• _EXTRACTED MATERIAL_
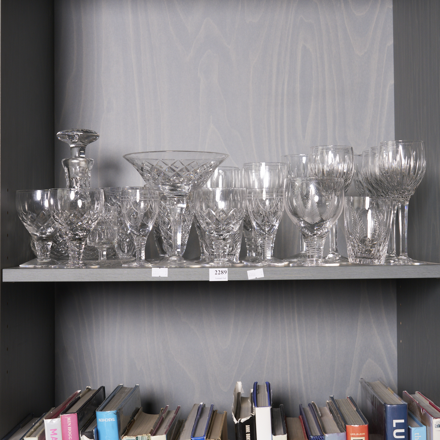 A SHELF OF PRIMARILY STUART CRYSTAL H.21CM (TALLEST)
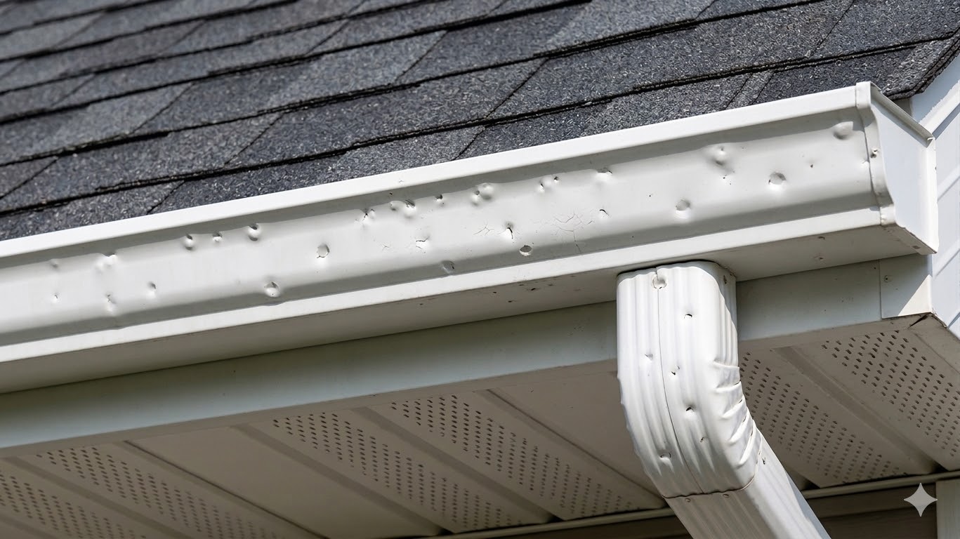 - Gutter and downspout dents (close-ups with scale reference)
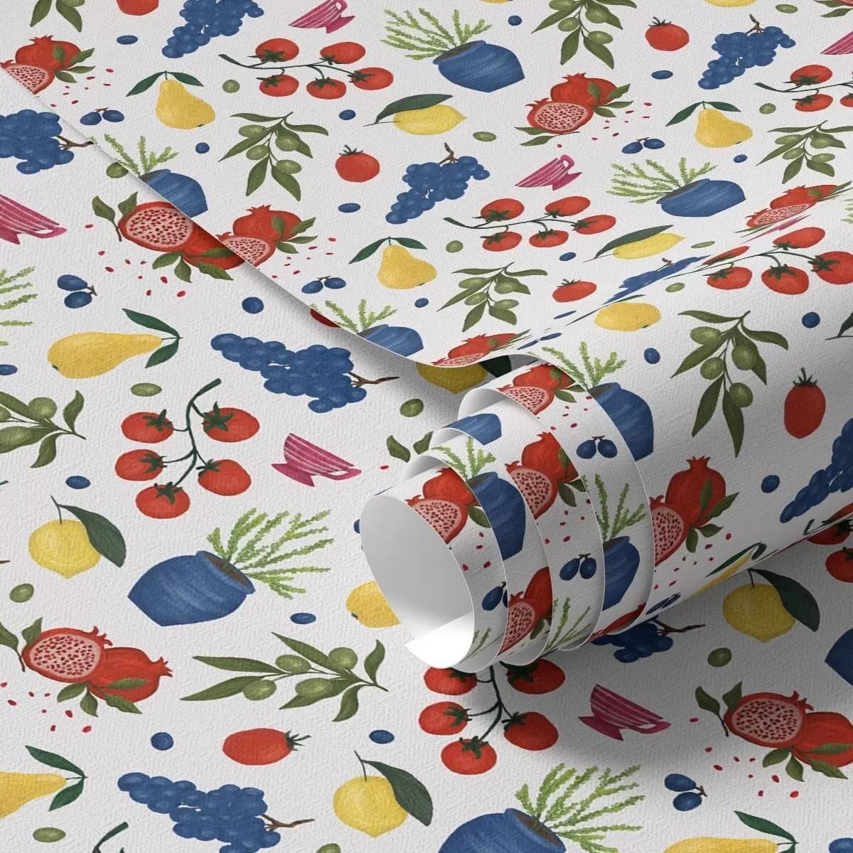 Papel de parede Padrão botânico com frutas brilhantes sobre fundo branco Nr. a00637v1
==
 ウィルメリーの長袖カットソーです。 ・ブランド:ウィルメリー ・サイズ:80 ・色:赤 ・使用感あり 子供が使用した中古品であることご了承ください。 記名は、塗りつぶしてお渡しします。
==
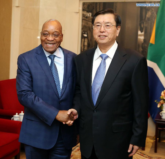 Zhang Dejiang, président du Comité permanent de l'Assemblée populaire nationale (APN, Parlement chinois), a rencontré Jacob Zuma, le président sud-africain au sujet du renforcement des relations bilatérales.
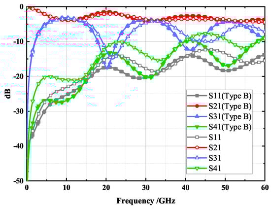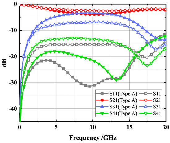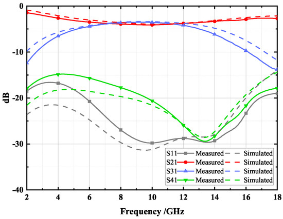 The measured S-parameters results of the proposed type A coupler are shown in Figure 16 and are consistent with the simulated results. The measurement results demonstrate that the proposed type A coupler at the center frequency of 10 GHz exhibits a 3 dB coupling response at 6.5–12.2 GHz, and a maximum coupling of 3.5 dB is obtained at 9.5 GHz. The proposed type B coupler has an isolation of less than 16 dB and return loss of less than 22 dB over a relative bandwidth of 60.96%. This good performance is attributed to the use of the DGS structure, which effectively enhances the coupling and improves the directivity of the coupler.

• _TASK DIRECTIONS_
With the pictures removed from your copy, retype the lines above from the one that contains "A SHELF OF PRIMARILY" through the one that contains "Papel de parede", exactly.

• _ANSWER FOR THIS EXERCISE_
 A SHELF OF PRIMARILY STUART CRYSTAL H.21CM (TALLEST)
 - Gutter and downspout dents (close-ups with scale reference)
 Papel de parede Padrão botânico com frutas brilhantes sobre fundo branco Nr. a00637v1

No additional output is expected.